Эти здоровенные бабы преследуют ее даже в туалете: "Чем ты тут занимаешься?". Как будто в туалете можно вышивать крестиком или строчить жалобы генеральному прокурору. От бессилия хочется орать во весь голос или стучать кулаком в стенку, пока она не рассыплется или пока не расплющится кулак. По Лена молчит. Молчит спокойно, пока не сорвется. А уж там — несет ее, бедную, без руля и ветрил. Сама потом удивляется, с чего это она так разошлась?

Лампочка в ночной палате — та же тупая надзирательница, которой нет дела до чужих тайн, чьей-то застенчивости или стеснительности. Постоянно думая об этом, Лена часто не может заснуть. На утренней пятиминутке дежурные сестры неизменно докладывают, что у Ершовой — бессонница. Поэтому дозу аминазина на ночь ей все повышают. Таблетки по возможности она старается не глотать, прячет под язык, и если удается обмануть бдительность аминазиновой сестры, тут же бежит выплевывать ядовитое снадобье.

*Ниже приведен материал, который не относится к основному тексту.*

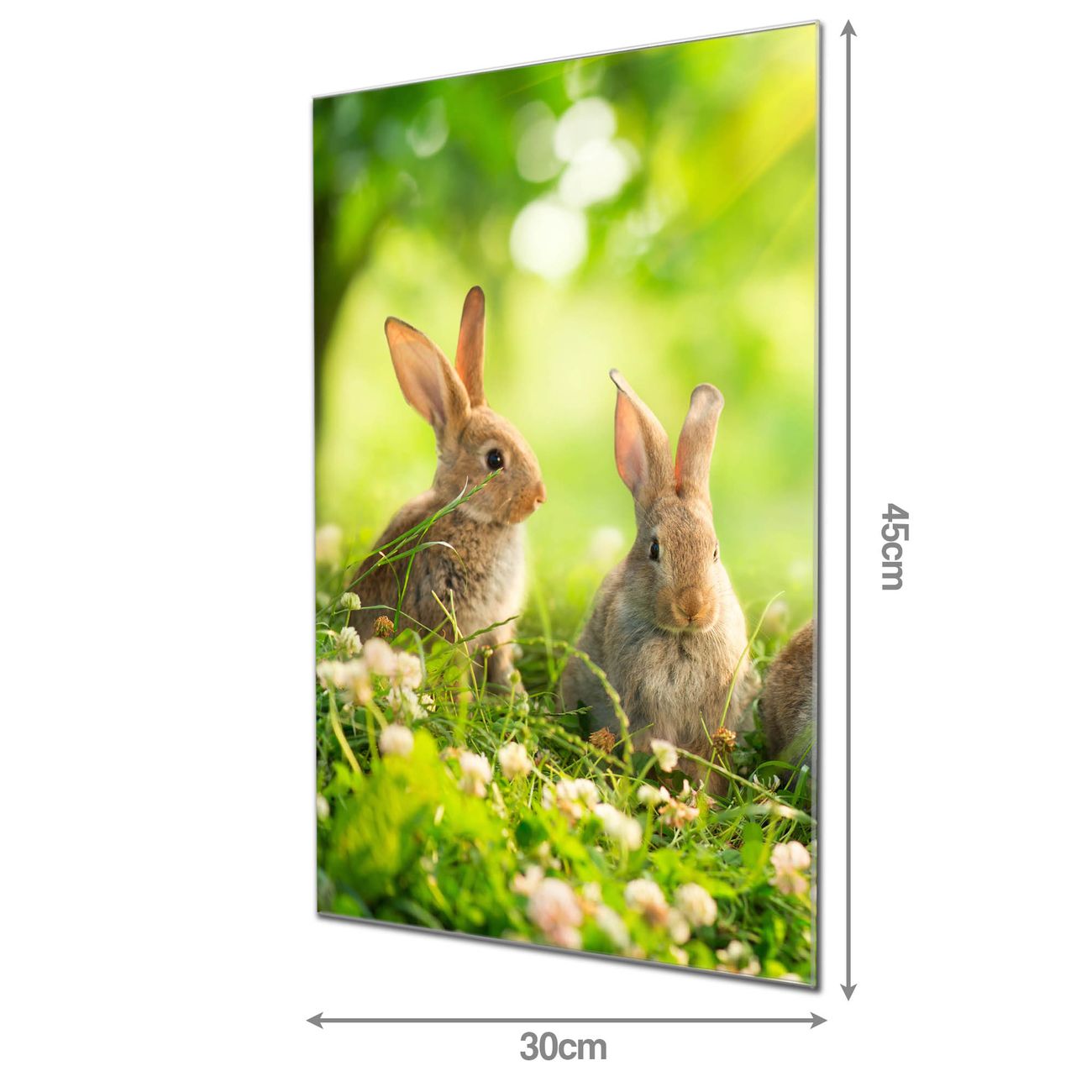 Unsere brillanten Glasbilder im Hochformat von banjado mit Motiv Drei Hasen sind der absolute Hingucker! Unsere Banjado Glasbilder sind sehr begehrt, weil sie top verarbeitet sind und sich ganz leicht montieren lassen. Schon mit wenigen Handgriffen hängen sie an der Wand und strahlen mit höchster brillianz. Durch die Ramenlose Herstellung schwebt das Echtglasbild förmlich an der Wand. Das Motiv erscheint besonders ausdrucksstark, hochwertig und ist hinter dem Echtglas geschützt.

От чего ей лечиться? "Голосов" у нее нет. Страхов, галлюцинаций — тоже. И с разумом, и с памятью вроде бы все в полном порядке. Правда, эта она сама так считает. Врачи, в первую очередь заведующая отделением Ликуева, полагают, что Лена больна. Чем? Врачебный секрет. Впрочем, этот "секрет" известен всей больнице. "Шибко умная!" — не раз констатировала Ликуева после очередной стычки с Ершовой и, раздраженно цокая остренькими каблучками, спешила прочь, в ординаторскую…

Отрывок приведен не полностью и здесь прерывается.